Megasthenes, the Greek Ambassador to Maurya, Emperor Chandragupta Maurya, mentioned India in his book Indica. According to him, Indians make wine from rice, drink rice bear in sacrifice and mainly eat rice pottage.
In 1989, the Jharkhand Co-ordination committee (JCC), who was instrumental in the demand for a separate Jharkhand state in front of the central government, also stated in their paper that Sadan may be the earliest Aryan population and could be the subcategoriable as Naga people as they differ from dominant Aryan group and did't strictly follow Brahmanical religion.

==Marriage tradition==
Nagpuri weddings are held for several days. Prior to marriage, the groom's relatives go bride's home to see and negotiate for marriage and a token amount (bride price) is paid by the groom's family to the family of the bride. Some wedding rituals are madwa, baraat, parghani, sindoordan, bidai. Domkach folk dance is performed during the wedding. The musical instruments used in the nagpuri wedding are nagara, dhak and shehnai.

The practice of bride price was mentioned in Ramayana and Mahabharata where during weddings of Kaikeyi, Gandhari and Madri, bride price was given. The practice of giving bride price was considered Asura Vivah in Smriti texts such as Grihas Sutra and Dharma Sutra.

==Traditional administrative System==
In Chotoanagpur, there was a traditional administrative system to govern villages known as to the Parha system. In the Parha system, there were the posts of Mahto (village chief), Pahan (village priest), Pujar or Pani bharwa (assistant of Pahan), Bhandari (treasurer), Chowkidar (watchman), Diwan (minister) and Raja (king). During the reign of Nagvanshi, the landowners were known as Bhuinhar. Bhuinhar refers to the first people who cleared forest, built farmland and houses in a village. Sadans were in the post of Diwan, Thakur, Pandey, Karta (executive), Lal, Mahato, Pahan and Raja.

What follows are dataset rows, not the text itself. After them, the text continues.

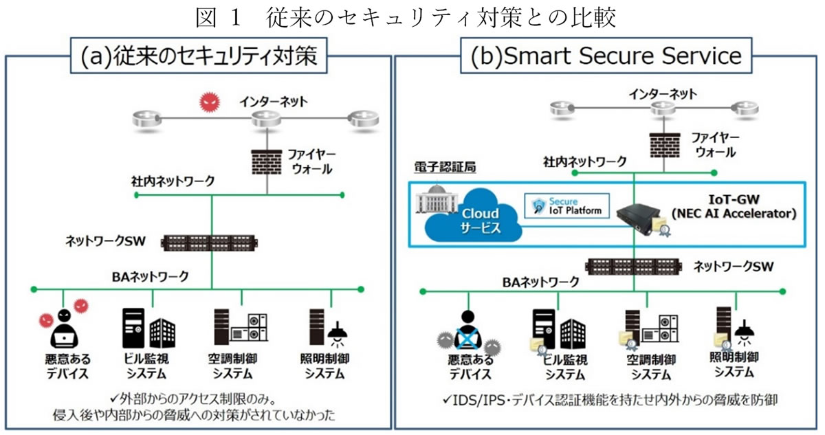 近年、効率的な建物管理や建物の省エネルギー性、利便性・快適性向上のため、BA システムでは建物内外の様々なシステムや IoT 機器とつながり、データを利活用するニーズが高まっています。その反面、ネットワークの統合に伴い規模が大きくなる BA システムを対象としたサイバー攻撃のリスクも大きくなっています。従来の BA セキュリティ対策では、主に建物外部からの脅威に対するファイヤーウォールでの防御に限られ、不正侵入やウイルス感染を前提とした対策が必ずしも十分とは言えませんでした ( 図 1(a))。「Smart Secure Service」は IDS※1/IPS※2 機能と登録済のデバイスを認証する機能を搭載し、万一の不正侵入やウイルス感染に対してもセキュリティをより強固なものとしています ( 図 1(b))。
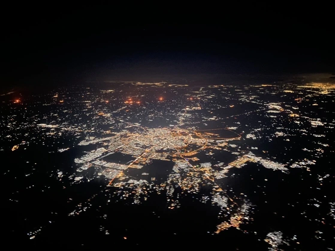 다음 날 아침에 장을 보고 도하로 비행 준비를 하였다. 돌아오는 길 굉장한 라이트 로드였다. 한국인 크루와 난 모든 크루를 위해 맛있는 아이스 카페라테를 만들어 다 같이 마시고 비행준비를 시작했다. A는 자신이 지금까지 마신 커피 중에 최고로 맛있다며 난리가 났다. 해피하게 시작해 해피하게 서비스를 끝내고 번갈아가며 콕핏(cockpit)에 가 경치를 봤다. 밤에는 도시들이 지구 위의 별처럼 빛난다.
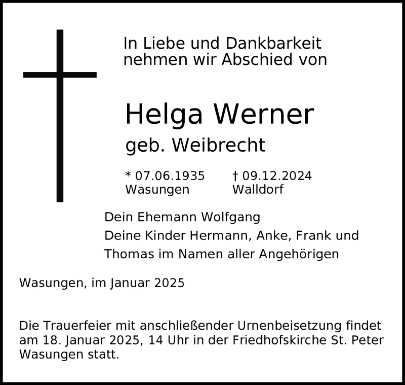 Hier finden Sie alle Traueranzeigen aus der Zeitung, die bisher für Helga Werner erschienen sind. Weitere Traueranzeigen, die in der Zeitung erscheinen, werden hier ebenfalls aufgelistet
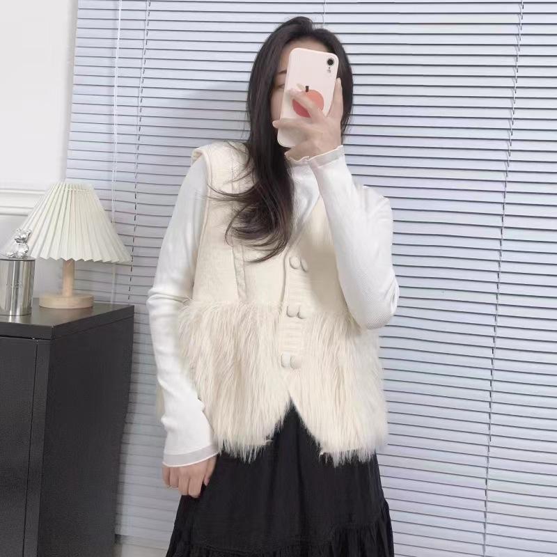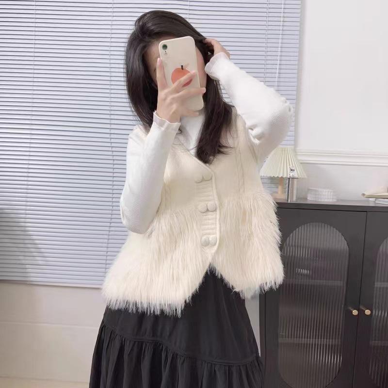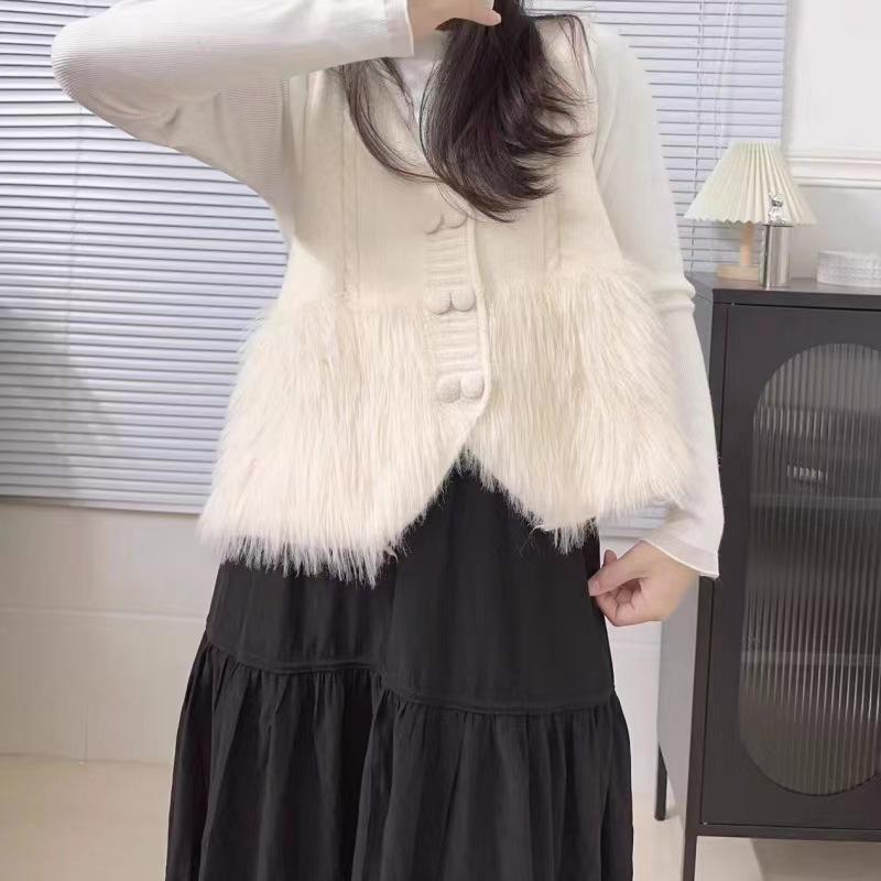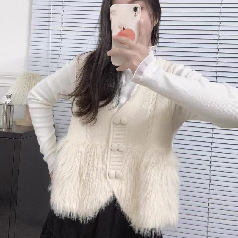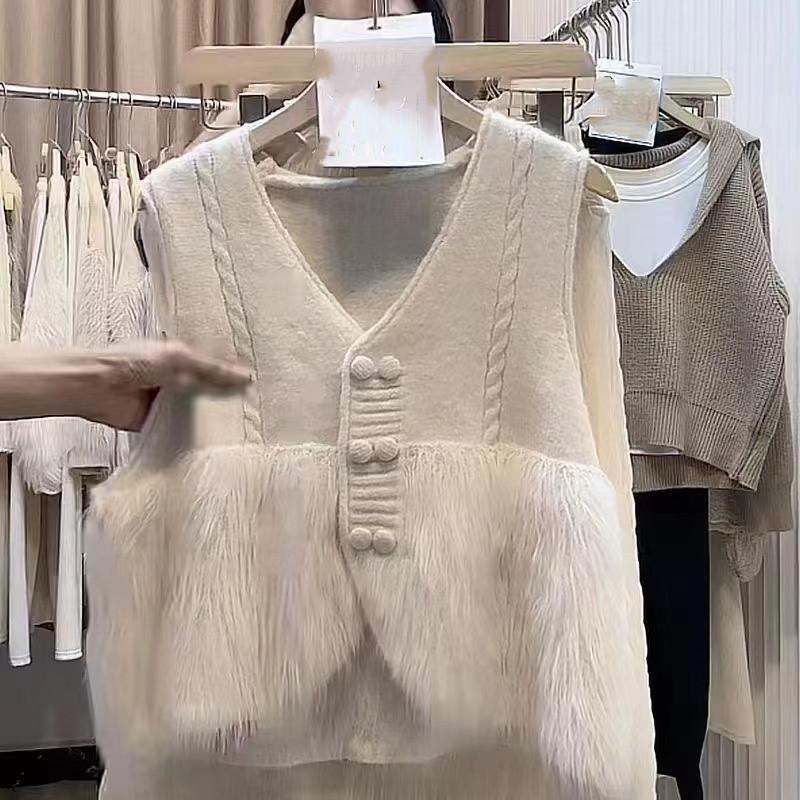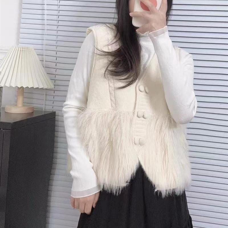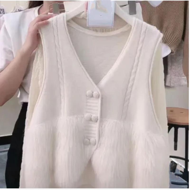 Chaqueta Cárdigan sin Mangas con Cuello en V y Costuras para Mujer Otoño 2024 Nueva Moda Estilo Occidental de Moda Chaleco de Punto de Moda
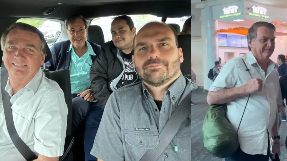Ao lado de Gilson Machado e Eduardo, Bolsonaro viaja para Nashville — Foto: Reprodução
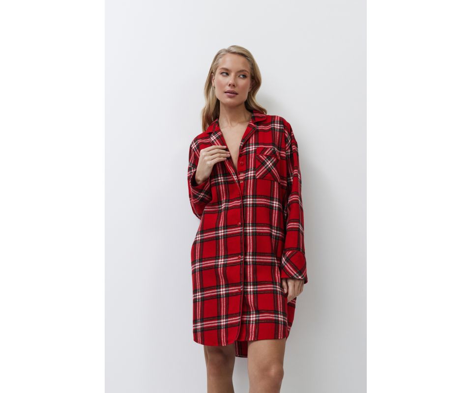 Hřejivá červená košile z bavlněného flanelu s kostkovaným vzorem a hravou výšivkou Weekend mode přináší dokonalý komfort pro chladné večery. Volný střih s délkou nad kolena je ideální pro domácí pohodu. Dostupná i v pánské variantě.
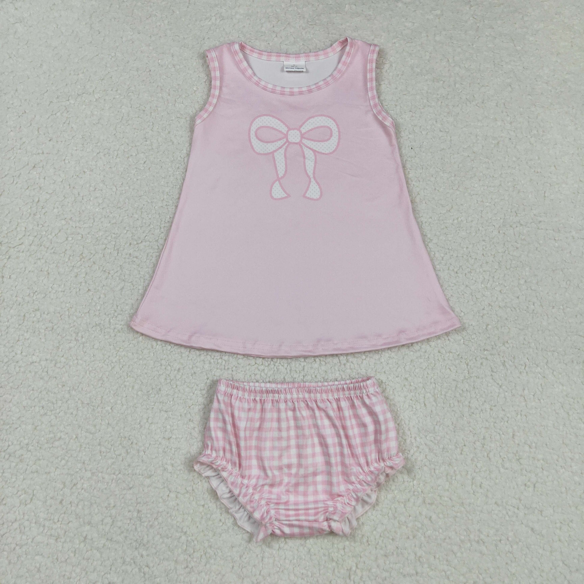 GBO0469 pink bows plaid sleeveless top briefs girls sets 202508 RTS
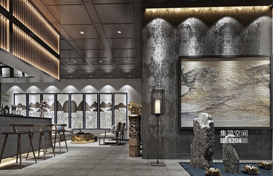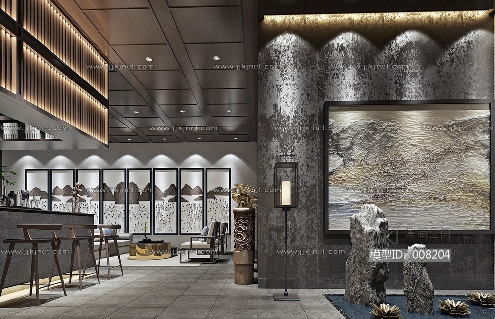 067-1022新中式水吧台挂画石头 3d模型下载 [模型ID:8204]
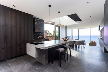 A bespoke coastal residence designed to embrace ocean views, with durable materials and seamless indoor-outdoor flow, crafted in close collaboration with local builders.
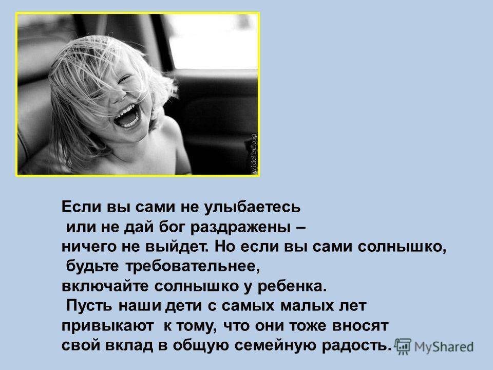 Если вы сами не улыбаетесь или не дай бог раздражены – ничего не выйдет. Но если вы сами солнышко, будьте требовательнее, включайте солнышко у ребенка. Пусть наши дети с самых малых лет привыкают к тому, что они тоже вносят свой вклад в общую семейную радость.
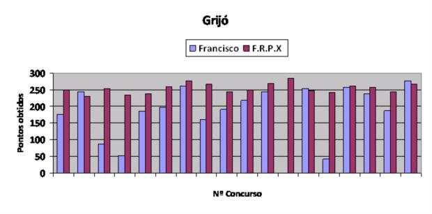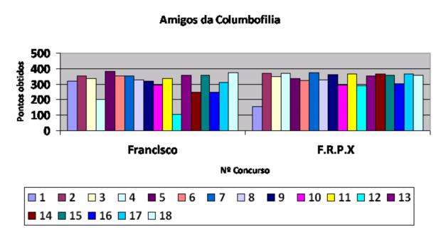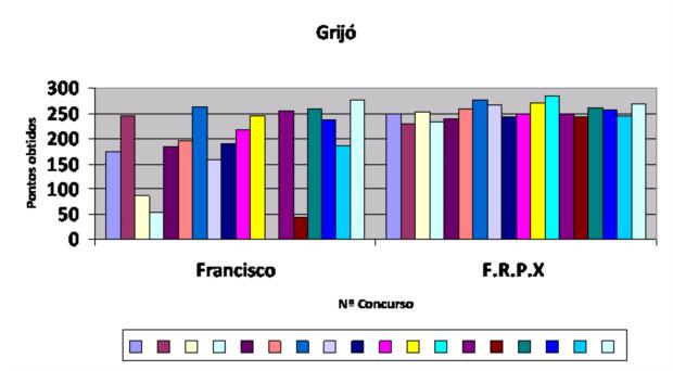 Médias dos primeiros prémios no Grupo Columbófilo de Grijo, serve de referência para visualizar as médias que
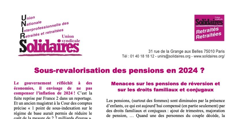 Tract UNIRS : sous-revalorisation des pensions en 2024 = tout·es dans la rue le 26 mars !
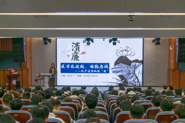12月8日,极速电竞 举行“求学无捷径,唯勤与诚——从严谨学风说‘廉’”的廉洁治学主题讲座,邀请校内“青廉”讲师团成员、艺术极速电竞 党委副书记王宇宁主讲。极速电竞 党委副书记王艳、2023级本科生共计300余人参加活动。
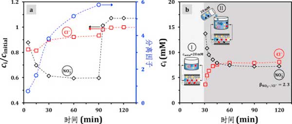 圖4a顯示了硝酸鹽濃度連續(xù)下降約30分鐘,直至達(dá)到恒定值,而氯化物濃度僅降低約15分鐘。此后,我們觀察到了增加氯化物溶液中的濃度,這意味著硝酸鹽離子逐漸取代氯化物離子。支持我們優(yōu)先吸附的研究結(jié)果硝酸鹽過度氯化物在平衡時(shí),我們還進(jìn)行了兩階段電吸附實(shí)驗(yàn)。我們觀察到了增加氯化物濃度,而硝酸鹽濃度降低。加入硝酸鹽后約15分鐘沒有3-,我們觀察到只有輕微的濃度變化。

The owner of lands known as Bhuinhars.
Mahto made assessments and settlement of all land not held by hereditary cultivators. He collects rent. Pahan, the village priest, does all the rituals for village deities. Bhandari assists with the collection of rents and summoning ryots who work for farmers or Zamindars. There was Gorait, who was a messenger to Zamindar, and Kotwar, who was a police officer in each village. The village has a blacksmith and a Gowala who rear the cattle of the village.

==Cinema==

Nagpuri language films have been produced since 1992. Sona Kar Nagpur (1992) was the first nagpuri film produced and directed by Dhananjay Nath Tiwari. The Nagpuri cinema faces several challenges, such as lack of funds and lack of infrastructure, as the majority of the audience reside in villages. Despite all these, several films are produced per year and few get released.